Task item:
Start to finish, retype the entries exactly while omitting the pictures.

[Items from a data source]
*** Begin section ***
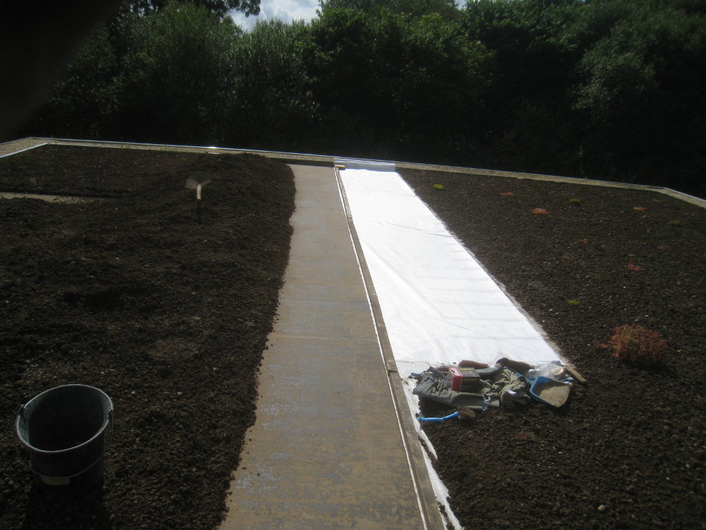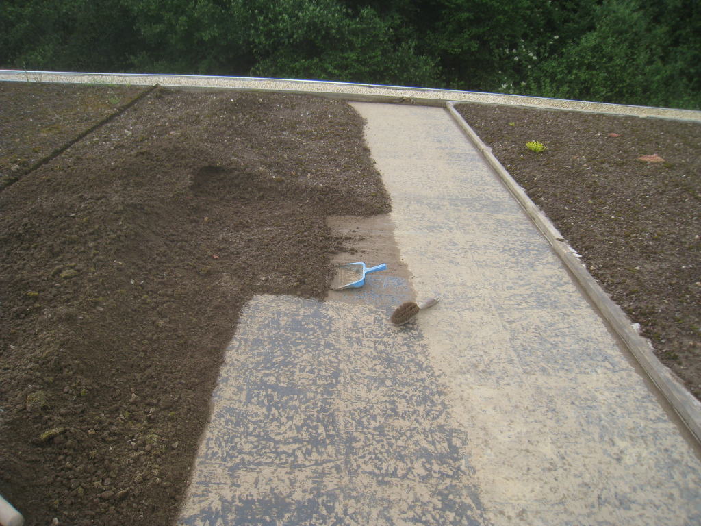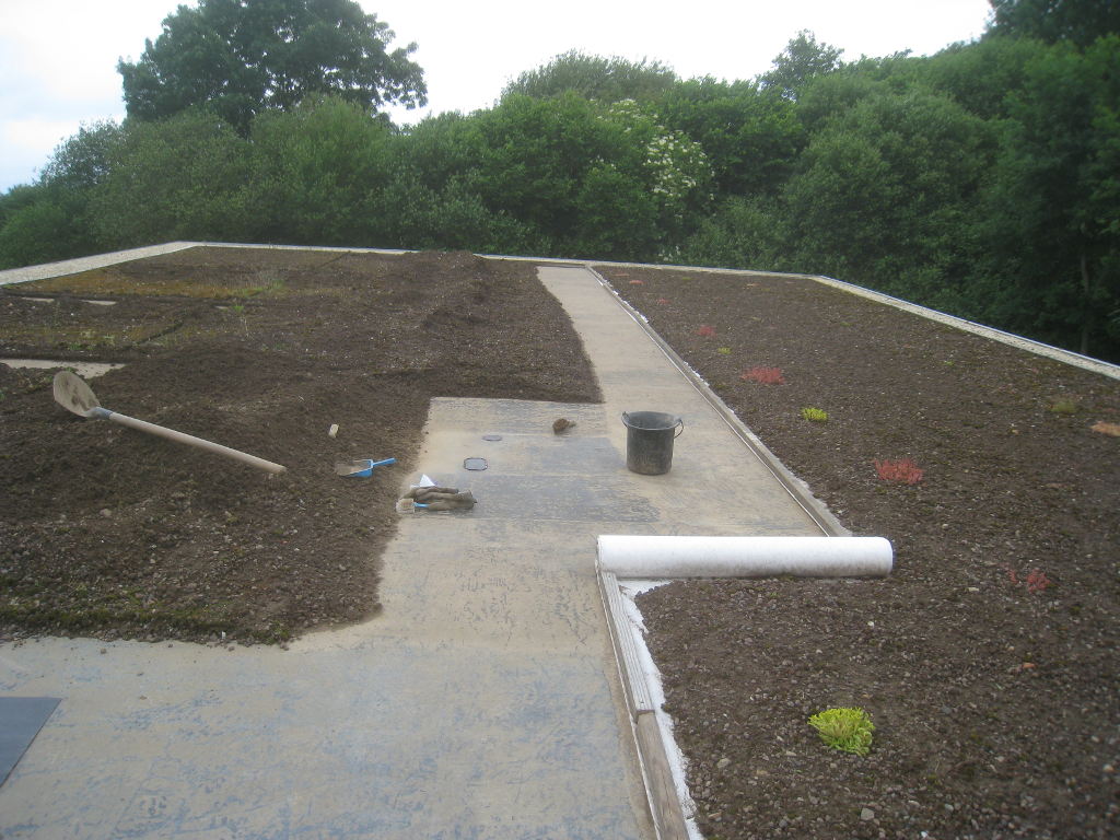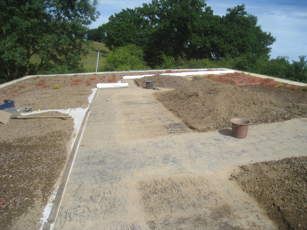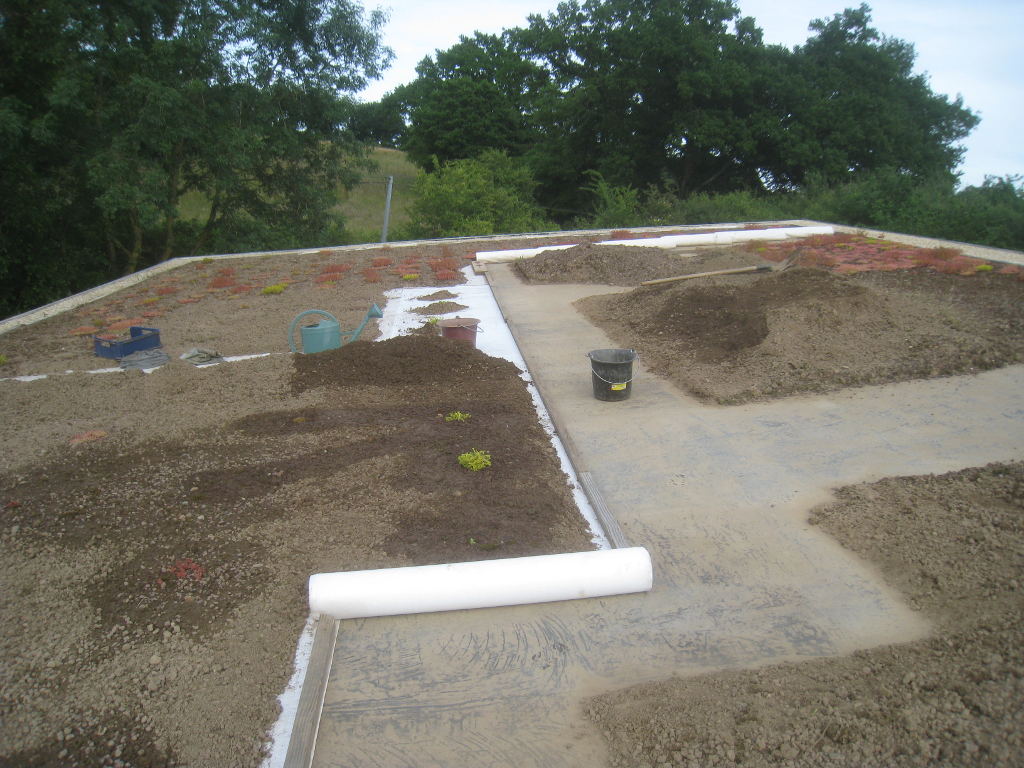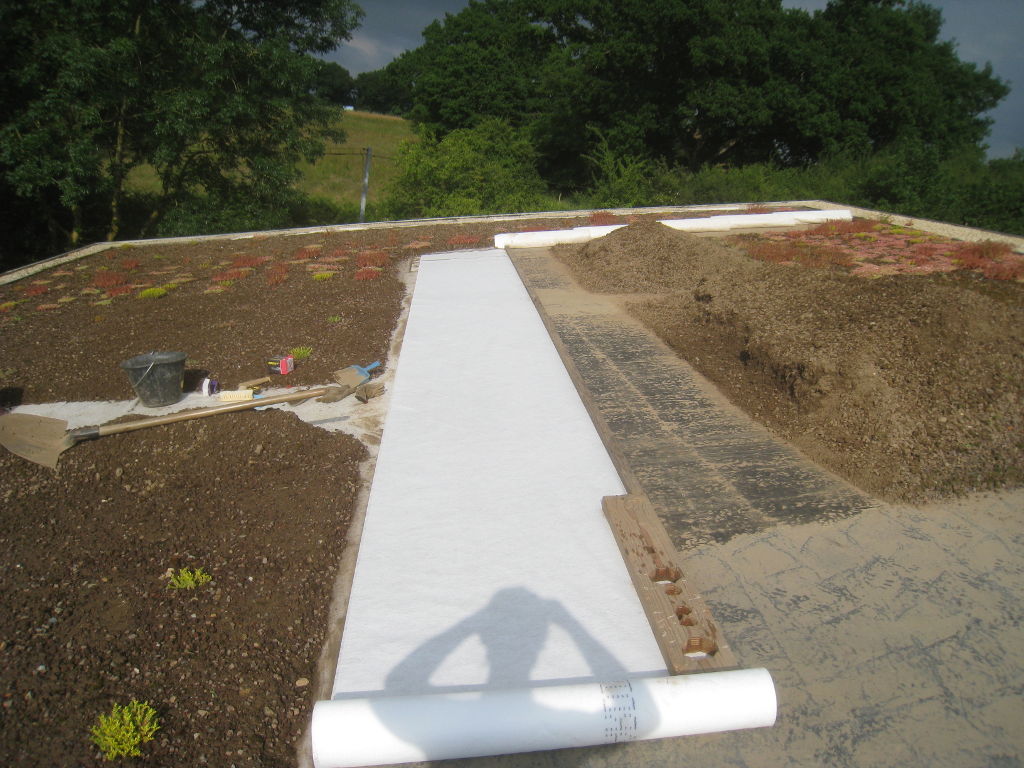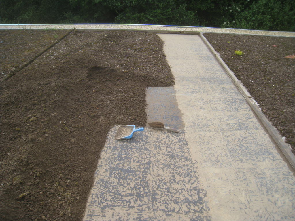 2013/06/30 : Toiture (20) : CorrectionMis à jour : 24 février 2016 | Imprimer | Affichages : 2014Suite de la pose du géotextile (rouleaux n°5 à n°7) : Du côté Est : Du côté Ouest : Détail du décapage de la bâche EPDM : Au moindre doute (impact ou autre) :
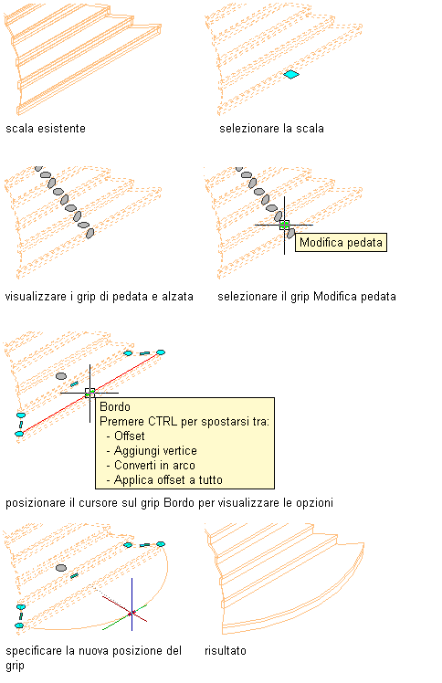 Per convertire il bordo della pedata di una scala personalizzata in un arco, attenersi alla procedura indicata di seguito.
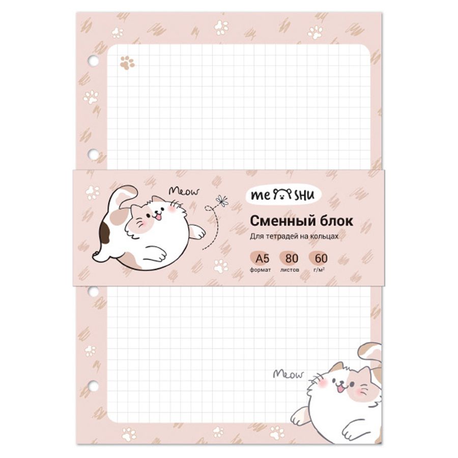Сменный блок для тетрадей с кольцевыми механизмами. Формат А5, 80 листов. Офсетная бумага плотность 60 г/м² в клетку, с дизайнерским блоком. Листы скреплены стрип-лентой и так же упакованы в т/у пленку. Дизайнерский блок, сделает ваш день ярче
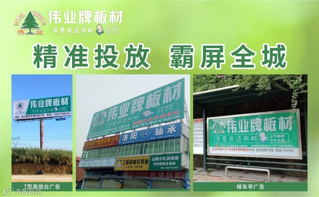 为了进一步扩大品牌影响力、提升知名度,2019年伟业牌板材在广西百色集中投放的T型高炮台广告、市场楼顶广告、候车亭广告等多类户外广告已正式全面上线。
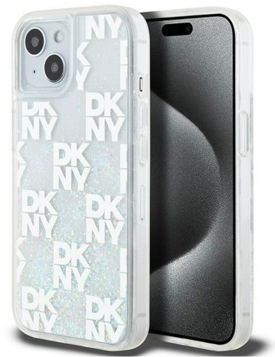 Tagakaaned DKNY Apple iPhone 15 hardcase Liquid Glitter Multilogo White
*** End section ***
Response to this exercise:
 2013/06/30 : Toiture (20) : CorrectionMis à jour : 24 février 2016 | Imprimer | Affichages : 2014Suite de la pose du géotextile (rouleaux n°5 à n°7) : Du côté Est : Du côté Ouest : Détail du décapage de la bâche EPDM : Au moindre doute (impact ou autre) :
 Per convertire il bordo della pedata di una scala personalizzata in un arco, attenersi alla procedura indicata di seguito.
Сменный блок для тетрадей с кольцевыми механизмами. Формат А5, 80 листов. Офсетная бумага плотность 60 г/м² в клетку, с дизайнерским блоком. Листы скреплены стрип-лентой и так же упакованы в т/у пленку. Дизайнерский блок, сделает ваш день ярче
 为了进一步扩大品牌影响力、提升知名度,2019年伟业牌板材在广西百色集中投放的T型高炮台广告、市场楼顶广告、候车亭广告等多类户外广告已正式全面上线。
 Tagakaaned DKNY Apple iPhone 15 hardcase Liquid Glitter Multilogo White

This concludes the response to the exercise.